The court decided that “No doubt, shutting down JFK completely during the pandemic while continuing to provide employees with pay and benefits would be the best protection against contagion at the workplace. But someone has to strike a balance between maintaining some level of operations in conjunction with some level of protective measures. The question is whether it should be OSHA or the courts.” The courts decided that they are not experts on public health and workplace safety matters and that OSHA would be better equipped to handle this case. The court’s decisions could lead to inconsistent rulings, while OSHA determinations would be more flexible and ensure uniformity, the court said.
Additionally the court decided that New York’s workers’ compensation law preempts plaintiffs’ NYLL Section 200 claim for past harm and that COVID-19 leave did not constitute wages for purposes of Section 191, the court decided.

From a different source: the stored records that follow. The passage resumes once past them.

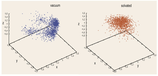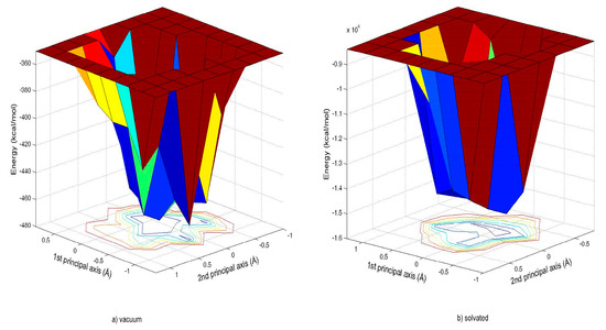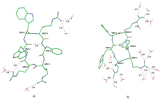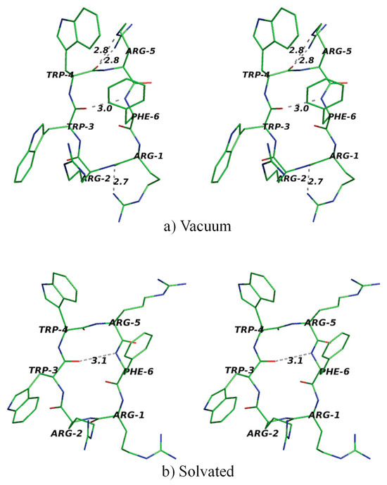 17] to explore both environments. We added explicit water molecules to each of the defined n2 MOLS conformations by placing a solvent box using the VMD program. We solvated the peptide using TIP3P water molecules, extending the water approximately 10 Å in each direction from the molecule’s ends. When the side chains of the peptide were in or out of plane, it was ensured that the solvent molecule always covered them. After this, we calculated the conformational energy of the peptide structure using the CHARMM22 potential [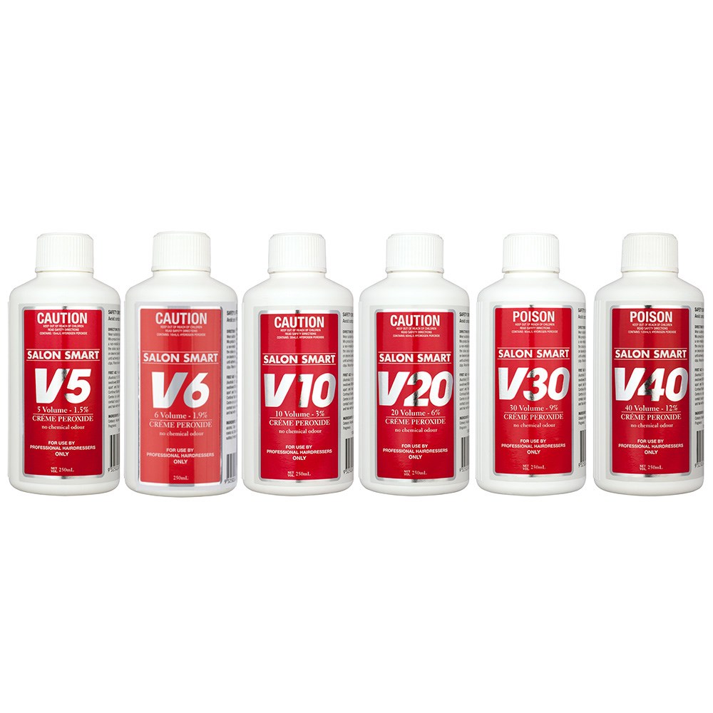 Salon Smart Crème Peroxide is formulated with a tropical fragrance, so there are no unpleasant smells or irritation to eyes. This high performance peroxide is stabilised and calibrated for optimum performance and condition. The crème base ensures a rich consistency when mixed with colour and bleach, allowing for even distribution and faster application. Convenient take-anywhere size.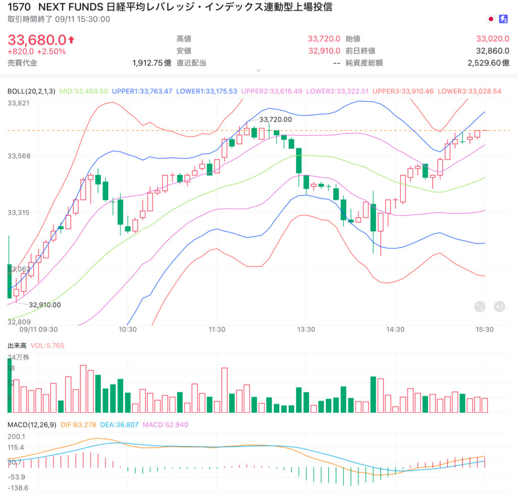 - NF日経レバ(1570):始値33,020円/高値33,720円/安値32,910円/終値33,680円(+820円)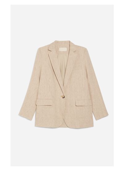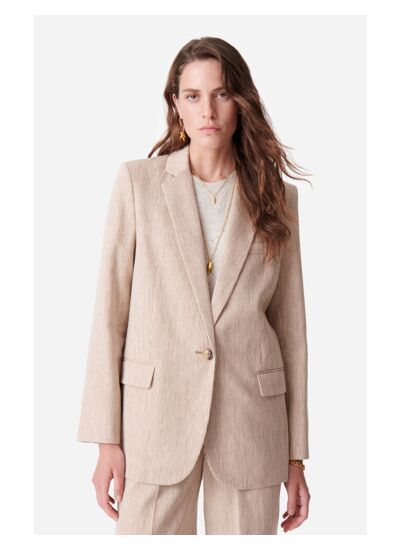 La veste Tilia est le blazer à la coupe intemporelle et indémodable. À la ligne masculine, on l'aime assortie avec vos looks plus féminin, sur une robe de soirée ou nos robes inspiration lingerie. Cette saison, ce modèle se décline avec de fines rayures marron clair. Portez-la avec le pantalon Cyrano assorti pour un total-look en lin et coton, parfait pour la transition de l'été à l'automne.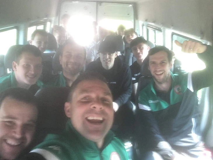 Радостные лица футболистов, вероятно, подсказывают о недавно добытой победе.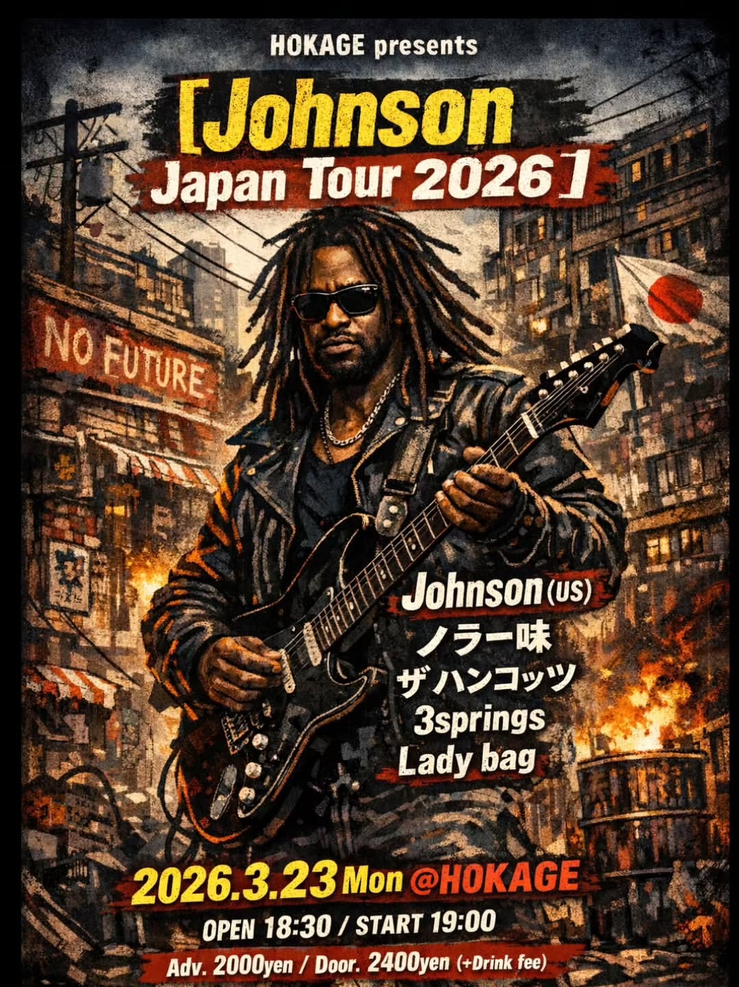 [Johnson Japan Tour 2026 ] Mar 23, 2026 HOKAGE Source ノラ一味 3springs . 🔥NEW SHOW🔥 2026.3.23.Mon HOKAGE presents [Johnson Japan Tour 2026 ] Johnson(US) ノラ一味 ザ ハンコッツ 3springs Lady bag OPEN: 18:30 START: 19:00 Adv. 2000yen Door.2400yen (+Drink fee) . . . . . #MusicBarHOKAGE #HOKAGE #ホカゲ #火影 #livemusicvenue

An Amazon spokesperson said, “Nothing is more important than the health and safety of our employees, which is why at the onset of the pandemic we moved quickly to make more than 150 COVID-19 related process changes. And, we continue to innovate, learn and improve the measures we have in place to protect our teams.” Groups that represent the workers called the decision “devastating” for Amazon and said they are considering whether to appeal.